The result shows that Ruby has such a weak effect on the total amount of used memory that it does not matter whether Ruby heap pages are fragmented or not.

We'll have to look for the culprit elsewhere. At least we now know that Ruby is not to blame.

The study of fragmentation at the level of memory allocator

Another likely suspect is a memory allocator. In the end, Neith Berkopek and Heroku noticed that fussing with the memory allocator (either a complete replacement with jemalloc, or setting the magic environment variable MALLOC_ARENA_MAX=2 ) dramatically reduces memory usage.

Let's first see what MALLOC_ARENA_MAX=2 does and why it helps. Then we investigate fragmentation at the distributor level.
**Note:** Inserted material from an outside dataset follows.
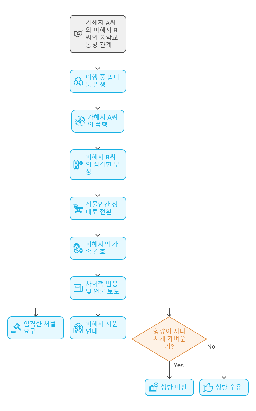 가해자 A씨는 피해자 B씨와 중학교 동창으로, 친구들과 여행 중 말다툼이 발생하자 B씨를 폭행했습니다. 이 폭행은 단순한 신체적 상해를 넘어, 피해자의 생명 유지가 어려운 상태를 초래했습니다.

Excessive memory allocation and glibc

The reason why MALLOC_ARENA_MAX=2 helps is multithreading. When several threads simultaneously try to allocate memory from the same system heap, they fight for access. Only one thread at a time can receive memory, which reduces the performance of multi-threaded memory allocation.

At any one time, only one thread can work with the system heap. In multithreaded tasks, a conflict occurs and, consequently, performance decreases.
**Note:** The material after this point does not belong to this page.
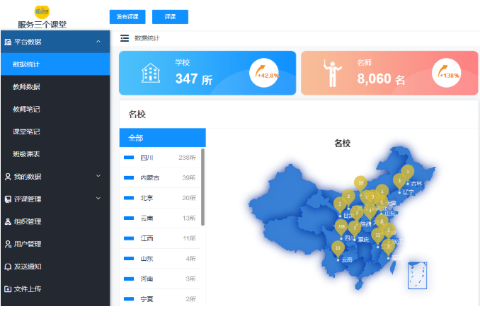 可以實時查看各科教師的課堂實錄、教學模式、S-T行為分析、課堂教學行為、課堂參與度評價等情況; 支持常態評課 、賽課模式、磨課模式,支持專家線上指導:1)遠程診斷和輔導;2)線上說課活動:說課活動技術保障、策劃組織、展示、評選、專家評價。3)教研工作成果固化和匯編工作;4)線下研修:講師團組織、教育教學管理層、學科骨干老師之間的面對面教學觀摩、座談交流。

There is an optimization in the memory allocator for such a case. He tries to create several system heaps and assign them to different threads. Most of the time, the thread only works with its heap, avoiding conflicts with other threads.

In fact, the maximum number of system heaps allocated in this way is, by default, equal to the number of virtual processors multiplied by 8. That is, in a dual-core system with two hyper-threads each, 2 * 2 * 8 = 32 system heaps are obtained! This is what I call over-allocation .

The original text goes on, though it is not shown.